RF8: High-temperature resistant materials and coating requirements
The aim of RF8 is to develop new concepts enabling the processing of high-temperature resistant materials. Ideas in the testing phase, such as preheating using flat infrared radiators (e.g., VCSEL) or with the help of an (additional) laser beam to reduce the temperature gradient and thus prevent crack formation, shall be investigated. Additionally, simulations of solidification conditions and thermal balances should enable the estimation of stresses and component warping to compensate for them or avoid them through appropriate use of preheating concepts. To additionally protect the burners from the high temperatures of the combustion chamber, thermal barrier coatings (TBC) can be directly applied during the manufacturing of components using AM via graded structures. The processing and coherent connection of TBC in additive multi-material processes require further developments, especially in the desired complex geometries in RF6 and RF7. In this RF, there is also the opportunity to build on SPP2122 “Materials for AM” to advance material development for high-temperature applications.

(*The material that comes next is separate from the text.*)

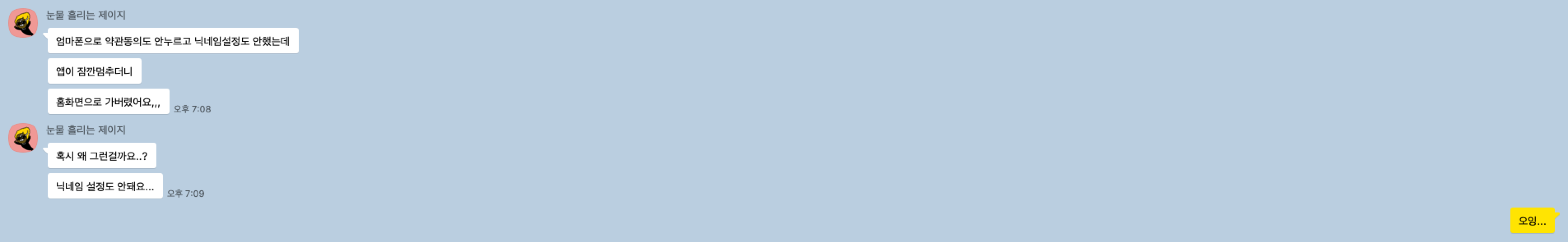 그것은 바로... 회원가입을 할때 앱 업데이트로 강제 재시작이 되어버리는 것...

RF9: Measurement technology with sensor integration
RF9 aims to advance various developments in sensor integration to ensure successful integration (in RF7) and later functionality of the sensors. These serve not only for better experimental investigation of burners and flame dynamics in RF1, RF3, and RF5 but also enable real-time monitoring of the burner in operation and adaptive process control, e.g., in RF6. In addition to the integration of existing sensor technology, especially multimaterial systems should be used, which combine various manufacturing techniques, such as LPBF for component build-up in connection with aerosol jet printing or a dispenser for applying sensors, to directly print sensors during the printing process, e.g., strain gauges. For these systems, the optimized process control for direct printing of sensors must first be developed to avoid damaging the sensors during the LPBF process. To achieve this goal, coatings developed in collaboration with RF8, which protect the sensors from high temperatures, can also be developed. The possibility of printing a channel into which the sensor is subsequently inserted shall also be investigated. Regardless of sensor integration, channels for gas extraction from the burner can also be incorporated to investigate the chemical composition of the flame in the stabilization area (RF1, RF3, and RF6) and to determine pressures. These measurement data shall be validated against non-invasive measurement methods.